DATA SUPPLIED:
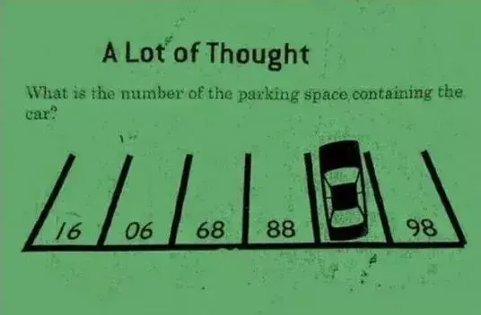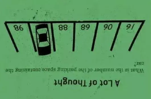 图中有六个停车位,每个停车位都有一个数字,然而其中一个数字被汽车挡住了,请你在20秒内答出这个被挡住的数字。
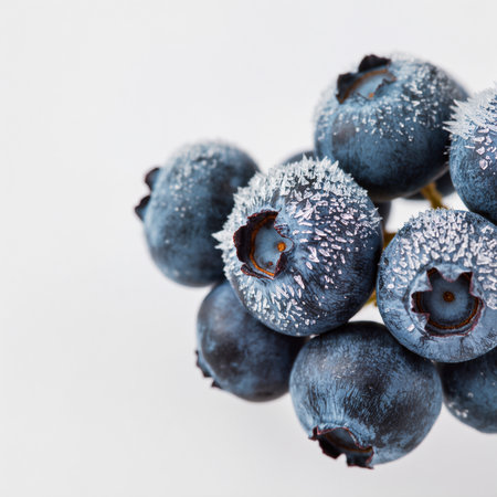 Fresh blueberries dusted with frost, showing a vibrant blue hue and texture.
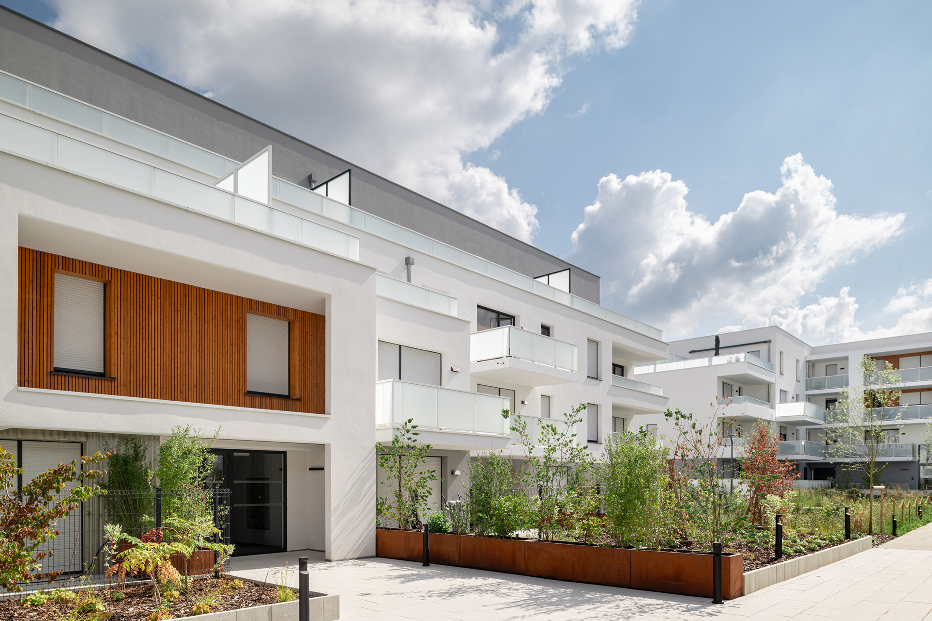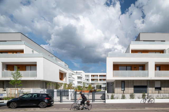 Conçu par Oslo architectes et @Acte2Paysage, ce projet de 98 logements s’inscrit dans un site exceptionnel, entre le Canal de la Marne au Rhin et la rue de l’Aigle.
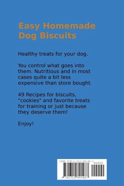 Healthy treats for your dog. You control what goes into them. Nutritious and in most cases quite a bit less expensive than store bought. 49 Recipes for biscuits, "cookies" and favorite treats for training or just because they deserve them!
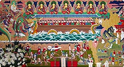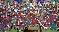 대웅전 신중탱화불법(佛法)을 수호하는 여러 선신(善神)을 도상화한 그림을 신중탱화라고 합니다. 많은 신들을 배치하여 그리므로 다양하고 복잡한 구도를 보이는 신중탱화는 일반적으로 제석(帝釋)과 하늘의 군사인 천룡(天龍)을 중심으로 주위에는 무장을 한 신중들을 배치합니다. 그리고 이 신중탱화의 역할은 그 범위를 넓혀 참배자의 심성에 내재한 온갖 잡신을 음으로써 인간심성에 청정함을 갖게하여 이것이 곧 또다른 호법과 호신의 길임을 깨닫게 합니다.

WHAT YOU WILL DO: Give back every record precisely as it stands, without the images.

TASK RESPONSE:
 图中有六个停车位,每个停车位都有一个数字,然而其中一个数字被汽车挡住了,请你在20秒内答出这个被挡住的数字。
 Fresh blueberries dusted with frost, showing a vibrant blue hue and texture.
 Conçu par Oslo architectes et @Acte2Paysage, ce projet de 98 logements s’inscrit dans un site exceptionnel, entre le Canal de la Marne au Rhin et la rue de l’Aigle.
 Healthy treats for your dog. You control what goes into them. Nutritious and in most cases quite a bit less expensive than store bought. 49 Recipes for biscuits, "cookies" and favorite treats for training or just because they deserve them!
 대웅전 신중탱화불법(佛法)을 수호하는 여러 선신(善神)을 도상화한 그림을 신중탱화라고 합니다. 많은 신들을 배치하여 그리므로 다양하고 복잡한 구도를 보이는 신중탱화는 일반적으로 제석(帝釋)과 하늘의 군사인 천룡(天龍)을 중심으로 주위에는 무장을 한 신중들을 배치합니다. 그리고 이 신중탱화의 역할은 그 범위를 넓혀 참배자의 심성에 내재한 온갖 잡신을 음으로써 인간심성에 청정함을 갖게하여 이것이 곧 또다른 호법과 호신의 길임을 깨닫게 합니다.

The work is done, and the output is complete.